Tonight, we honour three scientists in the designated fields for their distinguished contributions. They are Professor Edward Stone in Astronomy; Professor Maria Jasin in Life Science and Medicine; and Professor Michel Talagrand in Mathematical Sciences.
Speech by Professor Reinhard Genzel
Chairman of Astronomy Selection Committee
One of the longstanding dreams of humanity has been to explore our Solar System by space travel. In his 1865 novel ‘De la terre à la lune’ Jules Verne told the story of members of a “Baltimore Gun Club” building a huge cannon to shoot a projectile with three of the Club’s members onboard, for a trip to and landing on the Moon. About one century later, the USA-Soviet space race of the 1960s turned this dream into reality by developing the necessary technology and providing the resources for such ambitious endeavors. One of the great highlights of this period was the manned lunar landing of Apollo 11 in 1969.

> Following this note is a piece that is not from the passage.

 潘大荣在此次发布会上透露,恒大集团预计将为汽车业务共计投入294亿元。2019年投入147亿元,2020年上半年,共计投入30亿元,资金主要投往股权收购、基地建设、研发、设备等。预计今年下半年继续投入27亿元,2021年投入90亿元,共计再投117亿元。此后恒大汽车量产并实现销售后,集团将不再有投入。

The more distant solar system targets required un-manned missions. Among these the Voyager project stood out as a seminal success. Voyager consists of two spacecraft launched in August/September 1977 to undertake a “grand tour” of the outer solar system. Both spacecraft flew past Jupiter and Saturn in the period 1979-1981. Voyager 2 visited Uranus in 1986, and Neptune in 1989. Voyagers’ high-resolution images of the outer Solar system planets and their moons fascinated all of humanity. Voyager opened fascinating and sometimes strange vistas of new worlds,
Voyager dramatically improved our knowledge of the masses, sizes and shapes of the giant planets and their satellites. Fourty-two years after launch, the spacecrafts are now 145 times as far from us as the Sun, and have become the most distant human artifacts. In 2012 and 2018 they crossed the boundary of the solar system, the heliopause, and crossed into interstellar space.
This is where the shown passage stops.